Les Etats-Unis ont, de par l’architecture-même du réseau des réseaux, la main sur le bouton rouge et peuvent couper instantanément 76 % des DNS de premier niveau, entraînant des embouteillages numériques monstrueux, voire un black-out. De nombreux Etats, dont la France, travaillent depuis des années au développement d’une cyber-bombe-H capable de couper l’accès à Internet d’un pays donné… mais nul ne sait aujourd’hui s’ils en ont, eux, la capacité.

Alors que tout le monde cherche à pouvoir déconnecter tout le monde, maintenir une connectivité au moins nationale en cas de conflit est une décision frappée du coin du bon sens.

Nous trouverions inacceptable de ne plus pouvoir accéder au site de notre banque en ligne, dont le nom finit probablement par .com, parce que les Etats-Unis sont entrés en conflit avec la Chine ou la Russie et que la France est un dommage collatéral.

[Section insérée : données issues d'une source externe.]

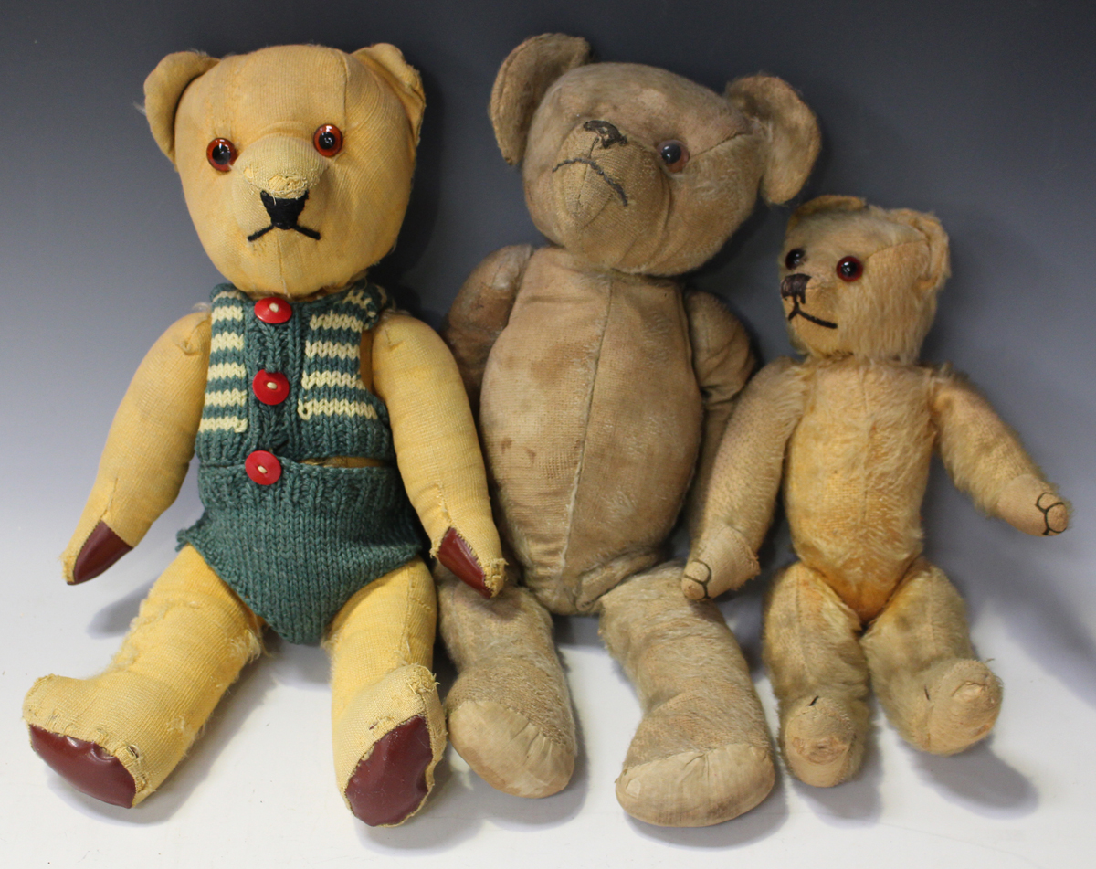 A mid-20th century mohair teddy bear with amber and black eyes, stitched snout and claws and jointed body with fabric pads, height 28cm, together with two other teddy bears (bald patches, faults and repairs).

Il serait également impensable que, souhaitant nous connecter au site d’une administration française, notre trafic soit redirigé vers un serveur américain parce que l’administration Trump a, sur un coup de tête, décidé que la France est un pays ennemi et mérite des sanctions numériques.

La seule solution pour s’immuniser contre ce risque serait d’avoir la certitude de pouvoir basculer, en cas de nécessité, de l’Internet mondial vers un Intranet national le temps de résoudre le conflit. S’affranchir des serveurs DNS américains est, pour y parvenir, un premier pas nécessaire.

L’Europe pourrait, sur ce sujet, s’inspirer de la Russie pour s’assurer que d’éventuelles mauvaises dispositions de l’oncle Sam à notre égard ne mettent pas notre économie à terre en quelques clics.